Conferences: NBER Asset Pricing Meeting 2020, CICF 2021, The Finance Symposium 2021, SFA 2021, New Zealand Finance Meeting 2021, Jackson Hole Finance Group Conference 2022, SWFA 2022, SFS Cavalcade North America 2022
Due to weak performance persistence, it is challenging to identify active mutual funds that can predictively outperform passive benchmarks. I focus on a specific type of “stock-picking” skills and aim to identify funds possessing such skills ex-ante by developing a novel first-order stochastic dominance (FSD) test based on counterfactual portfolios. The new method has appealing properties because it evaluates the entire fund return distribution, developing robustness to a missing-factor problem. Empirically, the FSD-identified funds deliver an annualized out-of-sample before-fees (after-fees) Carhart alpha of 2.84% (1.58%). These funds are smaller in size, charge higher fees, hold fewer stocks, attract more flows, and show stronger performance persistence.

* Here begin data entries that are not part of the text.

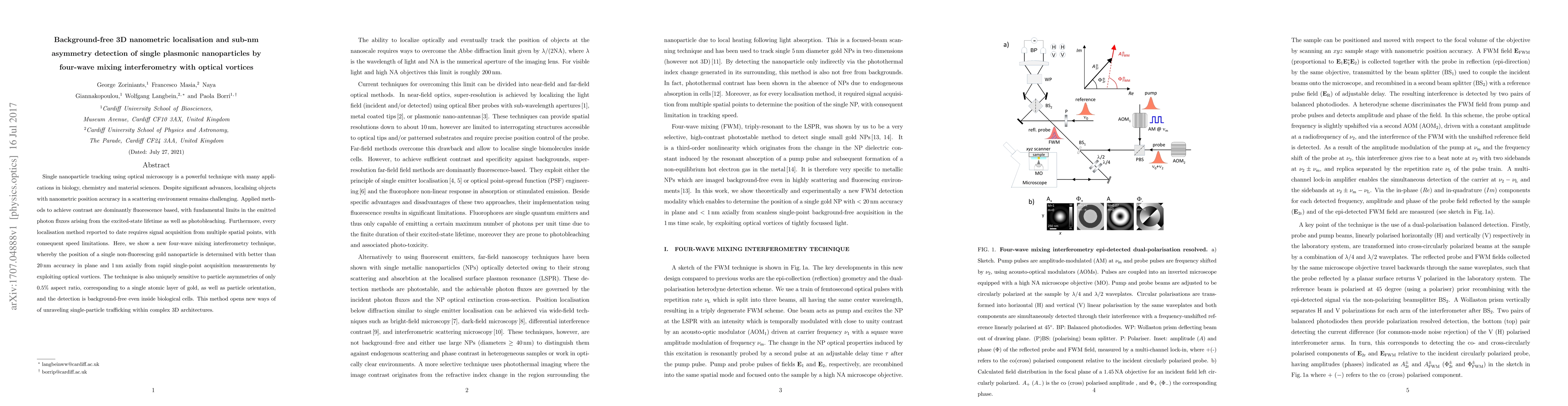 Researchers developed a new technique for localizing single nanoparticles with nanometric accuracy using four-wave mixing interferometry and optical vortices, overcoming limitations of traditional fluorescence-based methods.
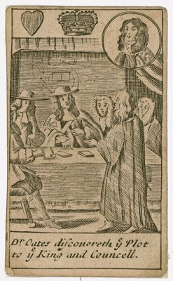 popish plot · playing · card · cards · propaganda · anti · catholic · titus oates · king · charles ii · council · Private Collection / Bridgeman Images · / Look and Learn
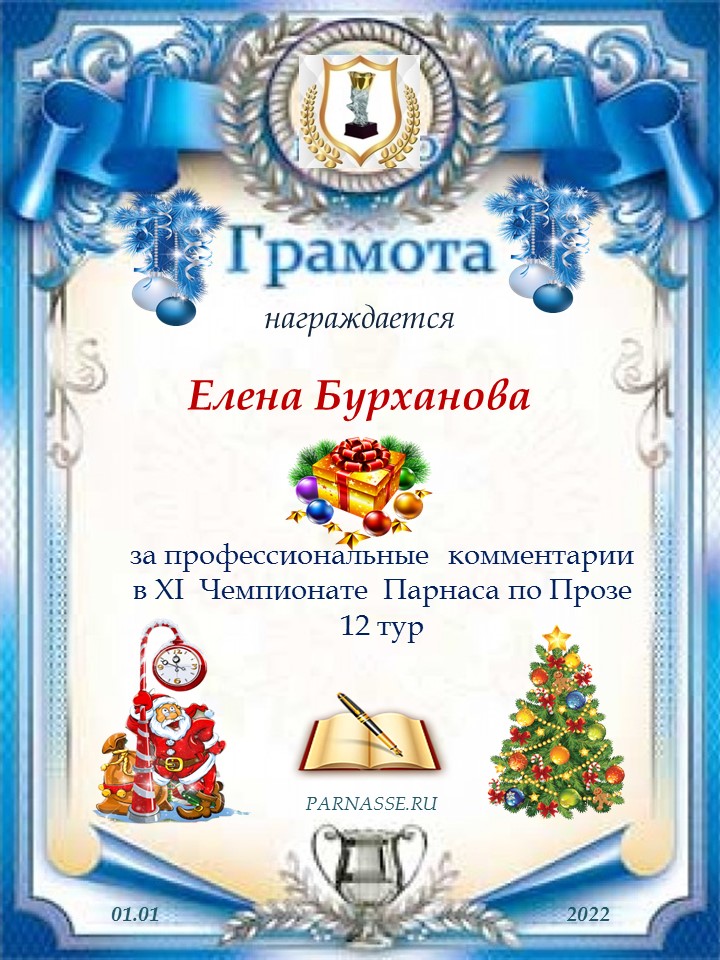 Большое спасибо за профессиональные и объективные комментарии в 10 туре X Чемпионата Парнаса по Прозе!
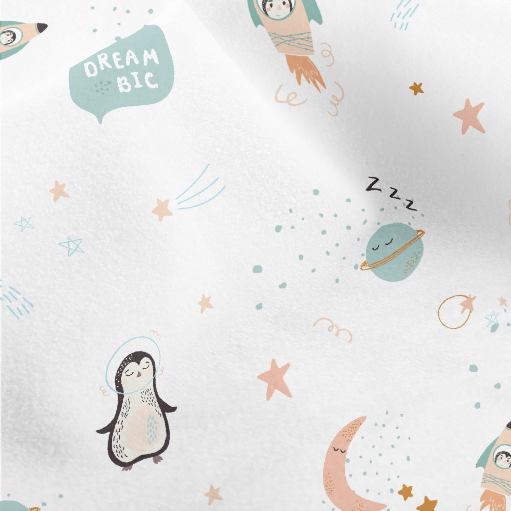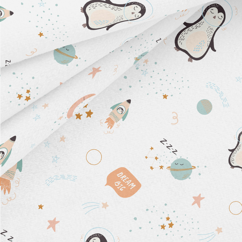 浮在太空的企鵝水晶絨(幅寬160公分)

This course provides an introduction to financial economics. Its main objective is to rigorously develop the foundations of modern finance theory regarding asset pricing and financial markets. The topics include arbitrage asset pricing, optimal consumption-portfolio choices, static equilibrium models of asset pricing, asymmetric information, and dynamic modeling. The course prepares students for further study of asset pricing theories, corporate finance and econometric work in finance. The course is designed for first-year PhD students in finance, and assumes familiarity with basic microeconomics and macroeconomics.
This course serves as an introduction to the theory and practice of financial economics. It provides a market-oriented framework for analyzing the investment and financing decisions made by households, institutions or corporations. The three major questions, which this course aims to answer, are: 1) How should the participants of the financial market evaluate financial claims 2) How do corporate managers decide which projects to undertake? and 3) How do they decide how to finance these projects? Topics discussed include valuation of financial assets, capital budgeting techniques, theories of capital structure, and capital market efficiency.